- Born: 1959 (age 66–67) Britain
- Education: BFA, Queen's University; Postgraduate Diploma in Animation Filmmaking, Sheridan College; MFA, York University; PhD (in progress), Brock University
- Occupation: Visual artist
- Known for: Painting, Multimedia art, Film
- Notable work: Black Women Working, It Takes Courage to Imagine Peace, But Some Are Brave
- Movement: Feminist art, African-Canadian art, Queer art
- Awards: Audience Award, 21st International Lesbian Feminist Film Festival (2009); Third Place, Africa World Documentary Film Festival (2009)

= Grace Channer =

Canadian visual artist (born 1959)

Grace Channer (born 1959) is an African-Canadian painter and multi-media visual artist.

== Education ==
Born in Britain, Channer studied in the Bachelor of Fine Arts degree program at Queen's University from 1977 to 1978. She also earned a postgraduate diploma in Animation Filmmaking from Sheridan College Institute of Technology and Advanced Learning.

== Artistic career ==
In 1987, along with painter Lynne Fernie, photographer Cyndra MacDowall, and filmmaker Marg Moores, Channer contributed to an exhibit titled Sight Specific: Lesbians and Representation. The exhibit explored connections between lesbian and artistic identities, relationships, narratives and politics. The same year, Channer was one of six artists invited to participate in a site-specific mural project, Women On Site, curated by Sarah Denison for the A Space Community Arts Committee. Channer's mural, titled "Black Women Working", was located at the Parkdale Library in Toronto. Channer is a member of the Diasporic African Women’s Art Collective (DAWA). She co-curated the travelling exhibition Black Wimmin: When and Where We Enter with Buseje Bailey in 1989. Channer is the subject, alongside artist Faith Nolan, of Dionne Brand's 1993 documentary film, Long Time Comin, which explores the activism inherent in the practice of both artists. The movie is available for viewing on the ONF's website. In 1998, Channer participated to Taking It to the Streets, which was a series of public art projects taking place in the Greater Toronto area organized by SAVAC (South Asian Visual Arts Collective). Channer took part of the Street Art Postering Project to which she contributed posters like It takes Courage to Imagine Peace in collaboration with Melanie Liwanag Aguila, Courtnay McFarlane, Beeta M. Jafari and Tanya Lena and another one titled Gay and Lesbian Human Rights in collaboration with Aguila and McFarlane.

In 2005, Channer participated in the exhibition Tribute: The Art of African Canadians curated by Robert Freeman and David Sommers at the Art Gallery of Peel and the Art Gallery of Mississauga.
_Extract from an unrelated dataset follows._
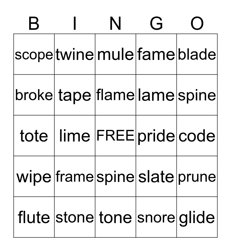 This bingo card has a free space and 24 words: frame, stone, flame, flute, blade, scope, broke, twine, pride, spine, lame, tote, slate, prune, tape, snore, code, mule, spine, lime, glide, wipe, fame and tone.

Channer contributed to the exhibition her work Intolerance (1982), which is an oil triptych of a panoramic landscape echoeing the work of Hieronymus Bosch and Peter Bruegel through its exploration of themes and elements of the medieval tradition of fantasy, allegory and biblical proverbs. Channer infuses this tradition of the medieval allegorical triptyc with the contemporary theme of hierarchical power. Channer paints local community scenes that reveal some social or moral controversies which explore, in their unfolding, topics such as power, abuse, sex, sexuality, race, class, and religion. In 2009, Channer participated to the 21st International Lesbian Feminist Film Festival of Paris with her short-length film But Some Are Brave where she won the Audience Award. Channer is a member of the W5ART Collective, an artist collective established in 2011 by Buseje Bailey, Grace Channer, Alexandra Gelis, Margie Macdonald and Alexandra Majerus. In 2012, Channer was one of three artists, along with Sandra Brewster and Jay Stewart, who painted a 100-foot long mural celebrating women in visual and martial arts. Located in the East-end of Toronto, the public art piece is titled KIA: Unified Movement of Power, and it celebrates the strength of martial arts movement.

== Exhibitions ==
"Who Will Fight For Our Liberation," Power Plant Gallery, 1992.

"Tribute: The Art of African Canadians," Art Gallery of Peel (Brampton, Ont.) & Art Gallery of Mississauga (Mississauga, Ont.), 2005.

== Awards ==
In 2009, Grace Channer won third place in the short length category for her film But Some Are Brave at the Africa World Documentary Film Festival.

In 2009, Channer also won the Audience Award for But Some Are Brave at the 21st International Lesbian Feminist Film Festival of Paris.